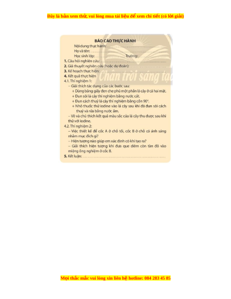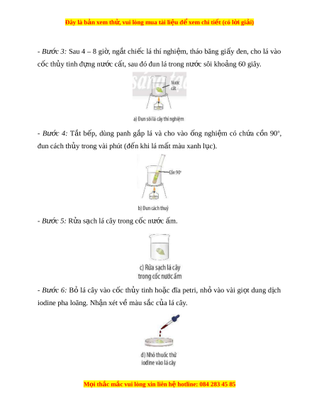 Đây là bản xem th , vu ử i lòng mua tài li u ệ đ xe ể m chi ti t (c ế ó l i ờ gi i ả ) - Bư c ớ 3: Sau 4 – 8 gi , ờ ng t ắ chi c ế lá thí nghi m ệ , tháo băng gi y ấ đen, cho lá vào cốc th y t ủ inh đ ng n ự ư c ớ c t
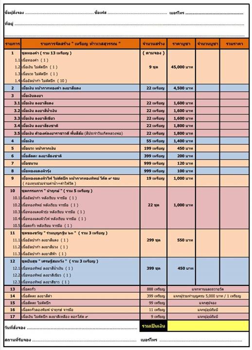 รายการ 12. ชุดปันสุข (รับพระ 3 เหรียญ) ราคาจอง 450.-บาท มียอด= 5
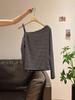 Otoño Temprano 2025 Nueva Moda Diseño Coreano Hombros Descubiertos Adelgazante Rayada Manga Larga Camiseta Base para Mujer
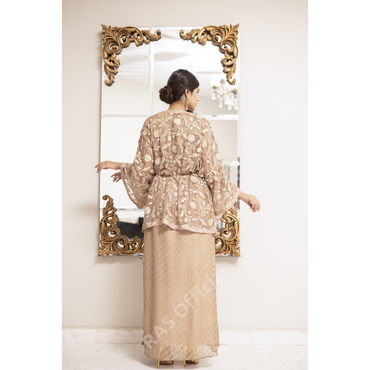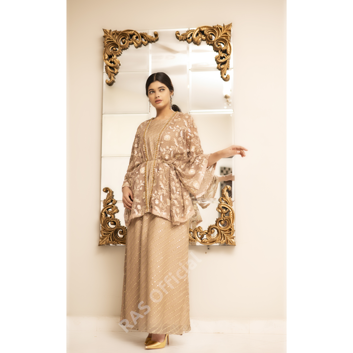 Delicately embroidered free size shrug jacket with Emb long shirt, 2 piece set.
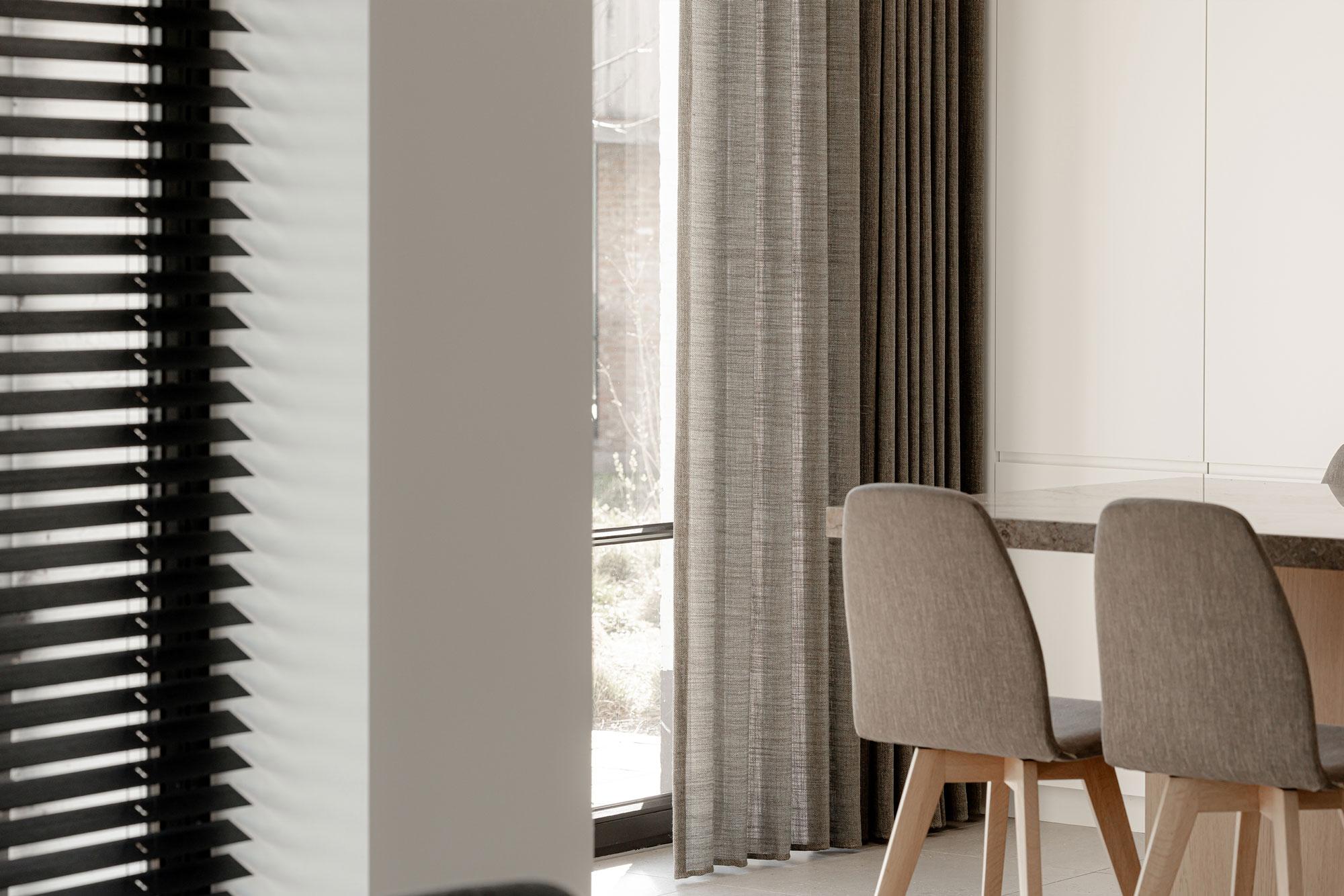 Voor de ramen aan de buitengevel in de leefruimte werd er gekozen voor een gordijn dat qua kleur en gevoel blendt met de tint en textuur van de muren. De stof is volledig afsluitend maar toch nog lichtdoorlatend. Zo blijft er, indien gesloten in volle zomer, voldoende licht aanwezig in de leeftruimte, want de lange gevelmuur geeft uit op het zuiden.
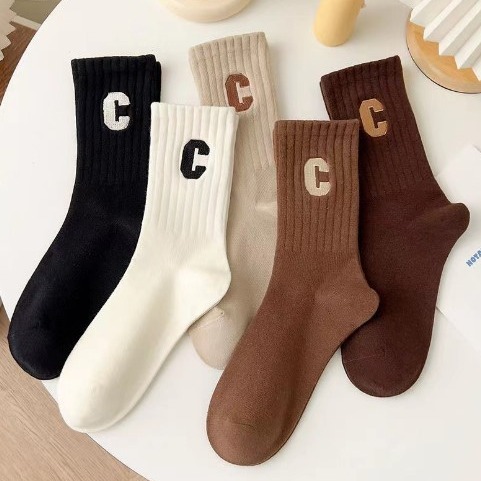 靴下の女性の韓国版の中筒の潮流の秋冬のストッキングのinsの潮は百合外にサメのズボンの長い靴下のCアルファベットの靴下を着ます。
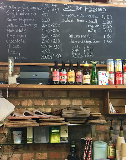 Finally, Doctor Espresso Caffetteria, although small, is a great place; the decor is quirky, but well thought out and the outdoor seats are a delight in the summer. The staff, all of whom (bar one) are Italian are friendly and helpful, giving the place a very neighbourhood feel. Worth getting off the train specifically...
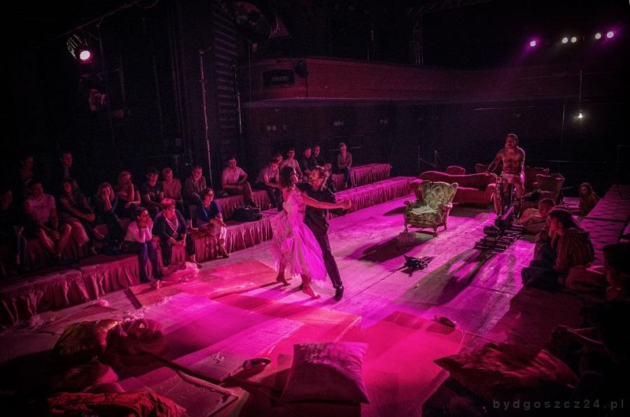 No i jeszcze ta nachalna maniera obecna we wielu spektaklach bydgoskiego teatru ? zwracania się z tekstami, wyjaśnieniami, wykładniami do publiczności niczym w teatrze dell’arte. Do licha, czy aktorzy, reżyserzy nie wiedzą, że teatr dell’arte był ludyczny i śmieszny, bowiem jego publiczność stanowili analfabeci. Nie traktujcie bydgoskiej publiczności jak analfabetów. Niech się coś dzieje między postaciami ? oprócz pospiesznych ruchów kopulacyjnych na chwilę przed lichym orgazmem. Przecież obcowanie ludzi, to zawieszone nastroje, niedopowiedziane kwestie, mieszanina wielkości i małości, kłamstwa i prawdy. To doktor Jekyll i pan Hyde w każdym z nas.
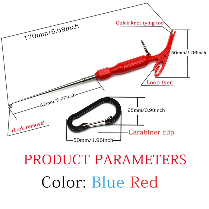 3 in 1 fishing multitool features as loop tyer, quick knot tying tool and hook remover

####################

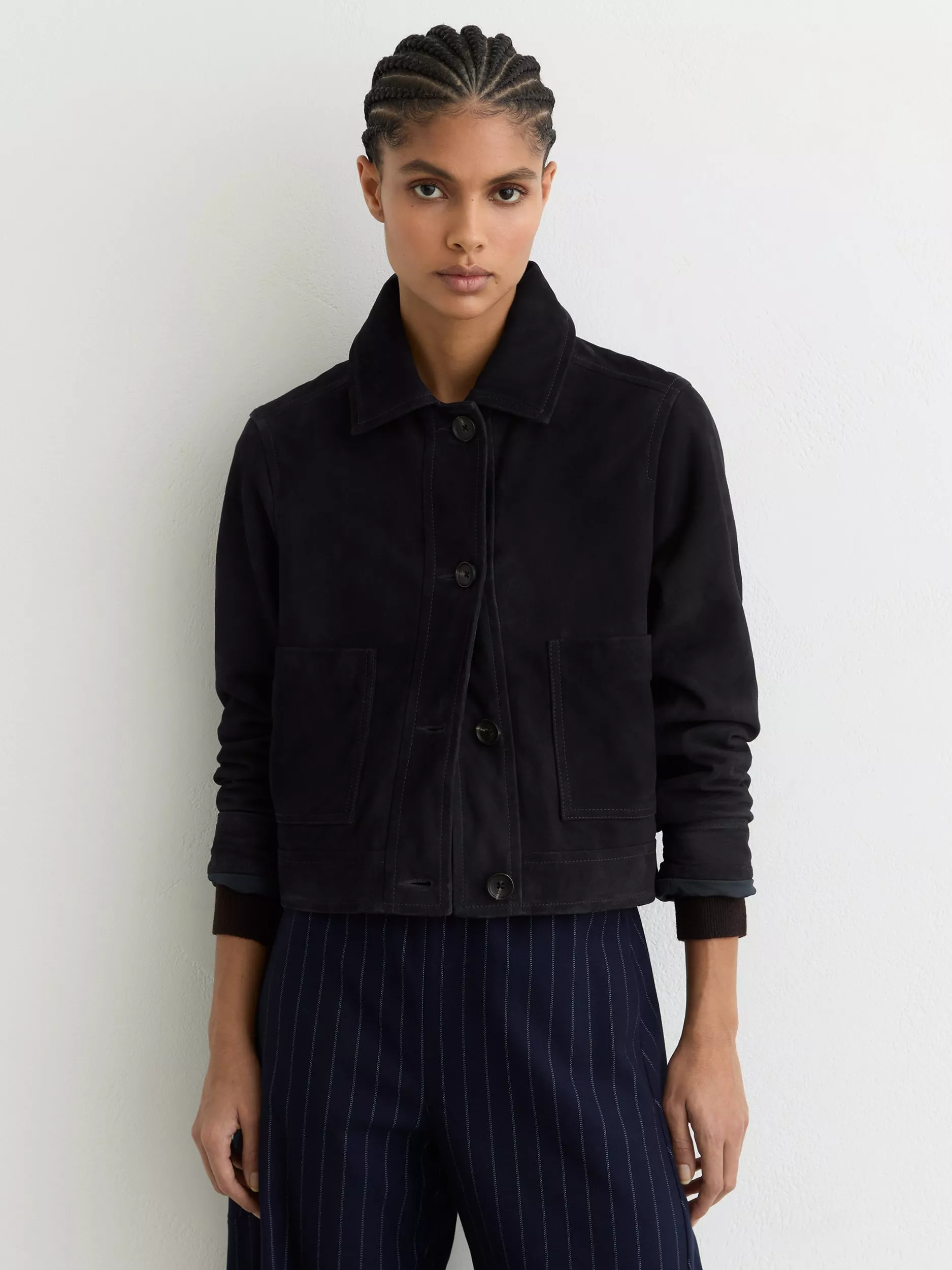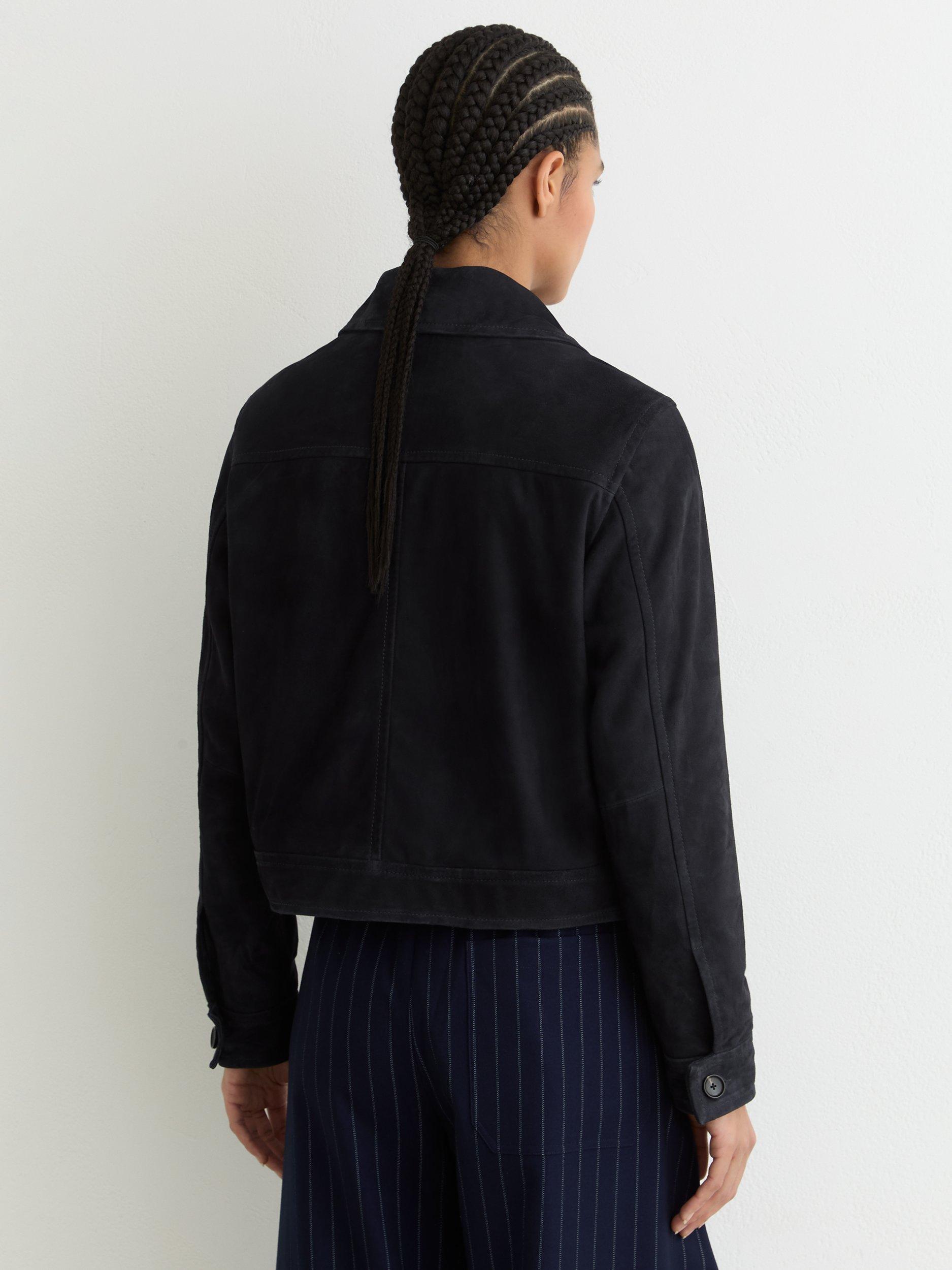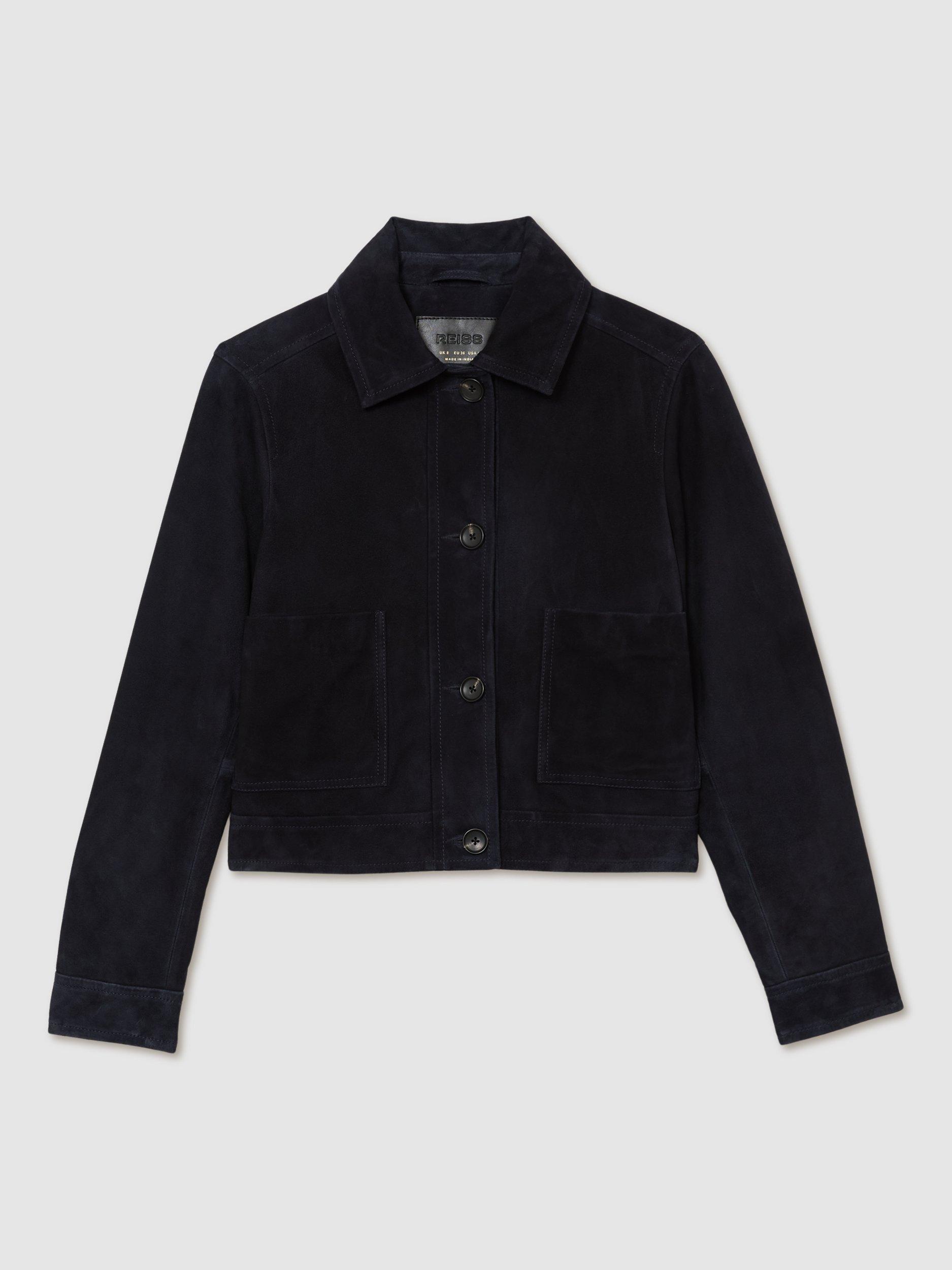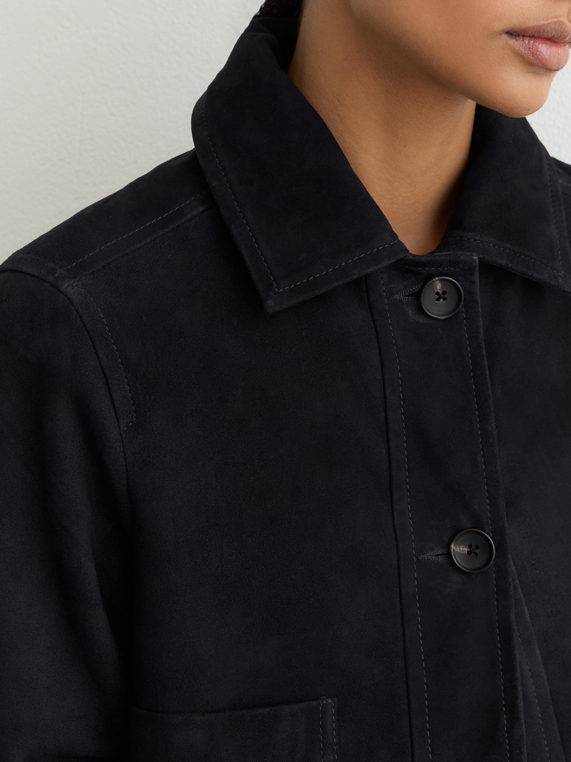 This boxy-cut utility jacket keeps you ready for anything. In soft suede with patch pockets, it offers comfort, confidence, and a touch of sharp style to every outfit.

####################

● **YOUR INSTRUCTIONS**
Go back to the listing above and write out the lines starting at the one with "Delicately embroidered free" and ending at the one with "靴下の女性の韓国版の中筒の潮", inclusive, exactly and without pictures.

● **EXPECTED OUTPUT**
 Delicately embroidered free size shrug jacket with Emb long shirt, 2 piece set.
 Voor de ramen aan de buitengevel in de leefruimte werd er gekozen voor een gordijn dat qua kleur en gevoel blendt met de tint en textuur van de muren. De stof is volledig afsluitend maar toch nog lichtdoorlatend. Zo blijft er, indien gesloten in volle zomer, voldoende licht aanwezig in de leeftruimte, want de lange gevelmuur geeft uit op het zuiden.
 靴下の女性の韓国版の中筒の潮流の秋冬のストッキングのinsの潮は百合外にサメのズボンの長い靴下のCアルファベットの靴下を着ます。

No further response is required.